Wenn Du erlaubst, möchte ich Dir einfach ein paar Fragen und Eindrücke, eine Art Feedback geben, was mir beim Lesen auffiel.

Du schilderst, dass Du bei verschiedenen Menschen als Heranwachsender gewohnt und dort keine Konsequenzen (Deines Tuns?) erfahren hast. Meinst Du damit, dass Du mehr oder weniger tun und lassen konntest, was Du wolltest und Du jetzt Mühe hast, genug Disziplin und Engagement zusammenzuraffen, um den Anforderungen des Alltags, die jetzt an Dich gestellt werden, standhalten zu können? Bekommst Du den ganz normalen Wahnsinn (Einkaufen, saubermachen, waschen, bügeln, etc.) auf die Reihe? Kannst Du Deinem Leben und Alltag Struktur geben und hältst Du Pläne und Ziele ein? Sonst zerrinnen Dir die Tage zwischen den Fingern und das kann sehr beängstigend sein.

Dein Studium ist für Dich zu reinen Plicht geworden, ohne Sinn und Aussicht. Was studierst Du? Warum hast Du es nicht schon längst geschmissen? Was wäre Deine Alternative? Hast Du überhaupt eine? Ist es wirklich ein Versagen, wenn Du etwas Sinnloses läßt und etwas Sinnvolles beginnst? Ja, ein Mensch muss "sein Ding durchziehen", "Rückrat beweisen", bla bla bla. Aus einer Laune etwas zu schmeißen ist unreif und was weiß ich noch alles. Aber seine Zeit zu verschwenden ist es auch. Das würde mich auch fertig machen. Oder ist es "nur" Prüfungsangst? Das "nur" kann was ganz Gewaltiges sein, ich möchte das nicht herabspielen und ins Lächerliche ziehen, ganz gewiss nicht.

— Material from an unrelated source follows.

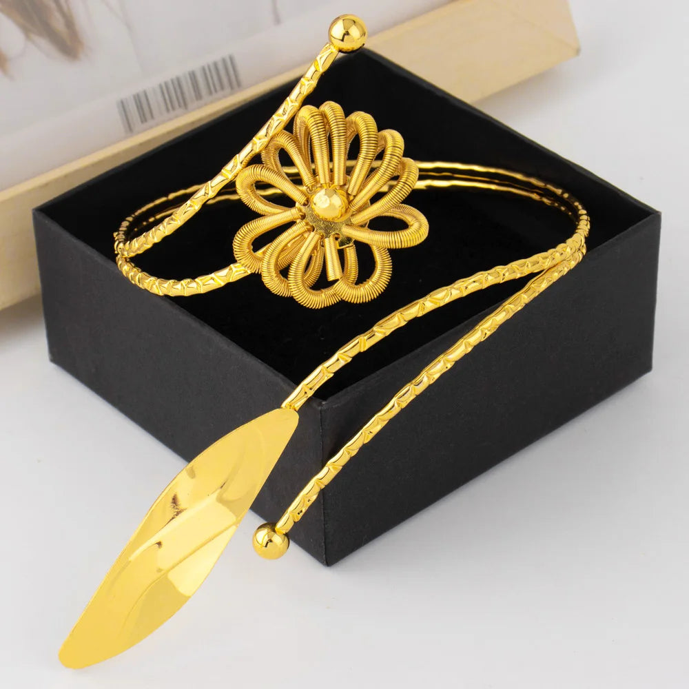 Ghana Trendy Flower Leaves Shape Armlet for Women Dubai Upper Arm Hollow Out Bangle Party Wedding Easter Adjustable Jewelry Gift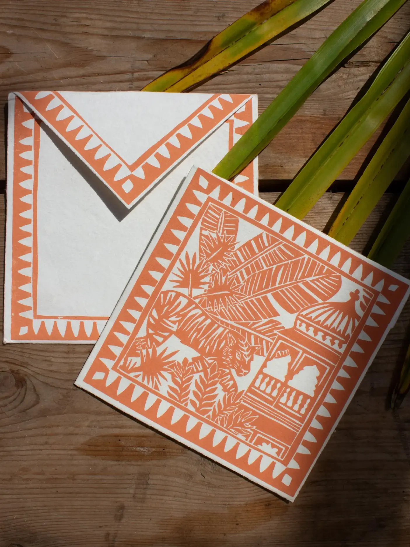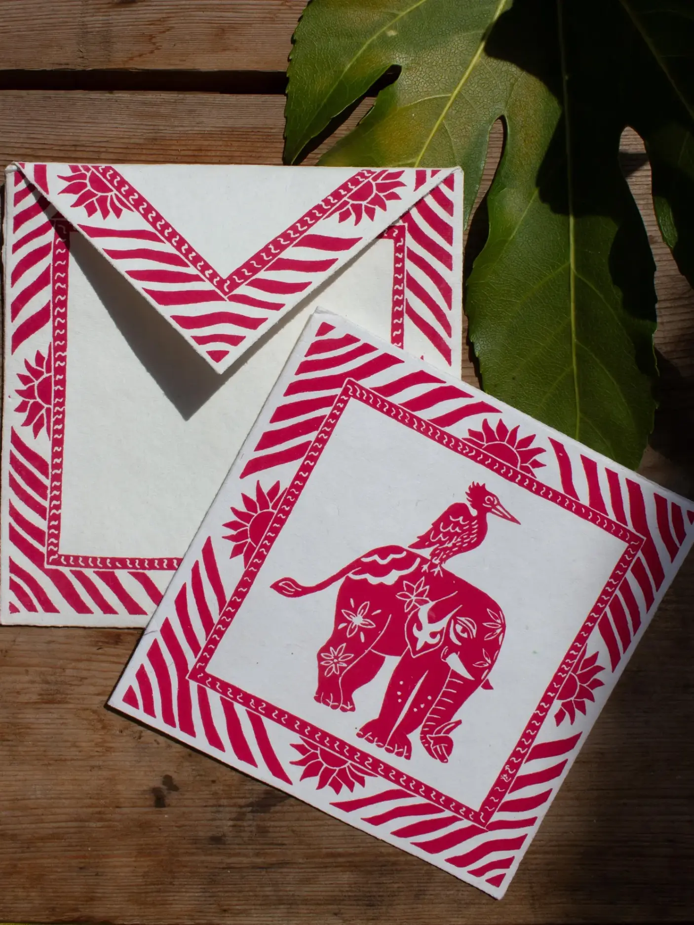Handmade by expert artisans in India using sustainable recycled cotton paper. Our signature greetings cards are hand screen-printed with our original pattern and pair beautifully with our stunning gift wrap.

Du bist 21. In diesem Alter kommen Gefühle noch fast durch Gewohnheitsrecht durcheinander. Es erfordert von Dir also noch einen Tick mehr Geduld mit Dir selbst. Nach meiner Erfahrung entsteht Gefühlschaos und Verwirrung dadurch, dass wir Gefühle miteinander vermischen. Angst zu versagen. Trauer, den eigenen oder fremden Erwartungen nicht genügen zu können. Wut darüber, in welcher mißlichen Lage man steckt und sich kein Ausweg zeigt. Wirft man das alles in einen Topf, läßt ihn ein paar Tage und Wochen "ziehen" und fertig ist eine zum Himmel stinkende Suppe, die niemand mehr auslöffen will. Dir fehlt es an Klarheit und Prioritäten. Auch da helfen Dir Deine Gefühle als treue Wegbegleiter weiter. Nur musst Du Dich von diesem stinkenden Eintopf trennen.

Als erstes solltest Du Dir eine Liste der wichtigsten und dringenden Aufgaben erstellen. Dringend ist nicht immer wichtig. Geh die wichtigsten Punkte zuerst an und überlege Dir vorher, wer Dich dabei unterstützen kann. Aus erledigten Aufgaben entsteht für Dich wieder Energie, den nächsten Schritt anzugehen.

In Deiner Angst steckt dir Kraft wegzurennen, Das ist wohl eher nicht angebracht. Also hol tief Luft, setz Dich zu einer Tasse Kaffee oder Tee und dann schaffe Strukuren, die es Dir leichter machen.

Lass was von Dir hören und viel Kraft und Ausdauer. Alles Gute.